A tree is gone. Chopped down. Reduced. Killed. 

And not just any tree.

I had looked forward to seeing it in the eponymously named Sycamore Gap when my friend Jerry and I scheduled a trip along northern England’s Hadrian’s Wall path in 2019. We had both seen the tree and the fragment of Hadrian’s Wall from which it sprouted in a popular 1980s film, as well as in guide books and travel brochures.

It was on the punch list.

We had hiked that July morning from Housestead’s Fort, following the undulating path that traces the ancient glacial spillways along the wall’s edge. It’s hard work, and we were rewarded when we crested the final hill and looked down at the gap and the sycamore adjudged to be more than 200 years old. Here’s what I wrote then:

“We descended the hill, following the wall as it turned south across the pastures and bastion manor house of Hotbank Farm, and then climbed Steel Rigg. We huffed along Highfield Crags above the lake, where the bluff-edge is riddled by fissures and the waters below are reflected alternately blue and gray by passing clouds. We then picked our way down the extraordinarily steep flagstone path to Sycamore gap on the west side of the lough. This is one of the more iconic spots on the path, as sprouting from the gap’s base at dead center is a full-crowned sycamore, one of the most photographed trees in England. Why? Because it was here that Kevin Costner and Morgan Freeman, as Robin Hood and his Moorish sidekick Azeez, rescued a boy from Sir Guy of Gisbourne in the 1991 film, “Robin Hood: Prince of Thieves.” Never mind that the filmmakers were portraying this encounter as if it were just up from a Dover beach—nearly 400 miles south.”
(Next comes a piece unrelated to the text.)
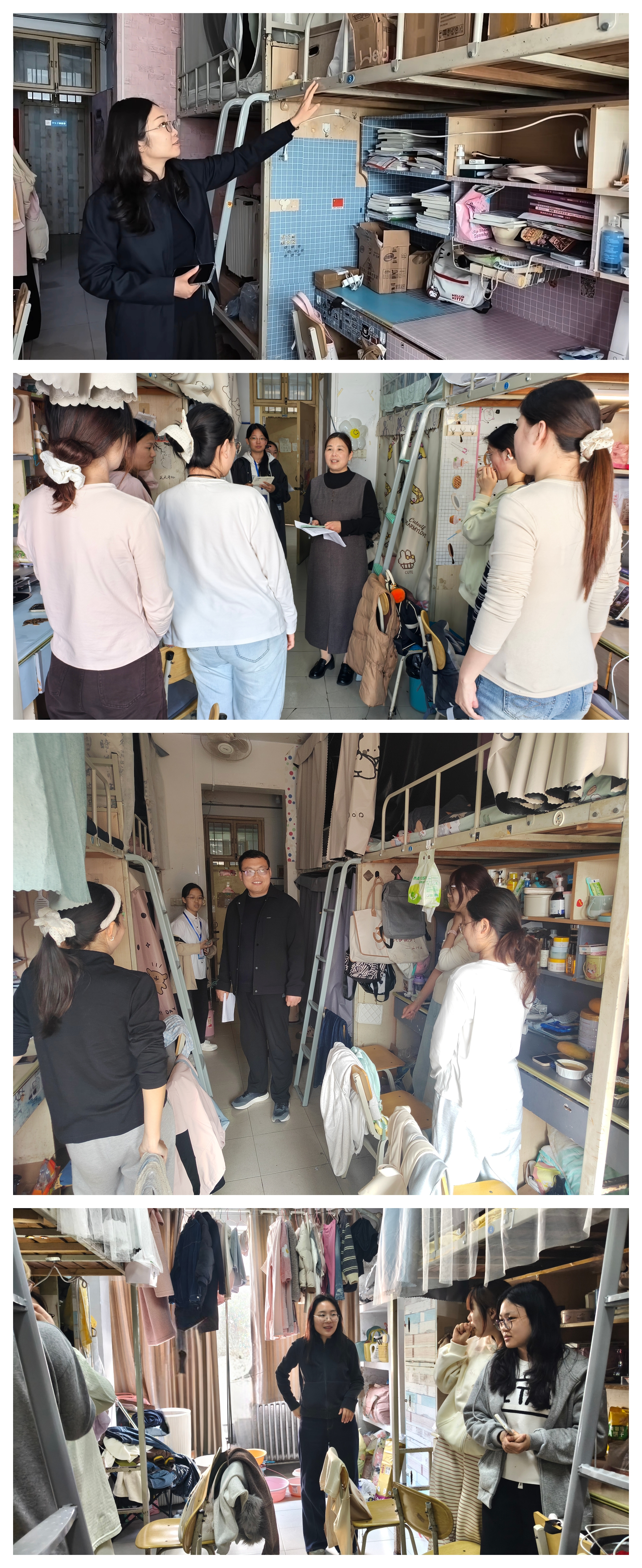 王頔一行重点对宿舍用电安全、消防安全、内务卫生等进行了检查,对违规电器、私拉电线等安全隐患逐一提醒整改,叮嘱员工要牢固树立安全意识,自觉维护宿舍公共环境和文明秩序,将“守安全、讲文明、优卫生”理念落到实处。各年级辅导员还逐一对员工清明节假期离校返乡、留校及外出行程等情况进行了调研,特别是针对“五困生”等重点群体,详细了解假期安排、生活困难与就业规划等,切实做好暖心服务,及时回应员工反映的急难愁盼问题。

We tried in vain, along with others below the gap, to capture a photo of the solitary tree undisturbed. “But a horde of tattooed “barbarians” from the car park were gathered about the tree and draped over the wall in various aspects, loudly quaffing from bottles in paper bags, smoking cigarettes and texting.”

As I said, the tree is gone now. Sliced down practically to its base by a 16 year-old with a chainsaw, according to initial reports from Northumberland Police. The question remains: Why? As of this writing, the youth isn’t saying.

I don’t know. On my last visit in July, another set of hooligans were tromping atop the wall, never mind the laws written to protect it, and boldly challenging me to object. Of course, I didn’t, hobbling as I was on one good ankle and picking my way downhill. My rangering days are long over. But it wasn’t only them. Families too on picnic outings were allowing their children to do the same thing. 

Maybe, to them, it simply doesn’t matter anymore. Maybe we’ve become so divorced from who we are and where we’ve come from that we have forgotten that our heritage runs as deep as that lost sycamore’s roots.

Just a tree?

I think not. I am so very sorry for those who will never see it.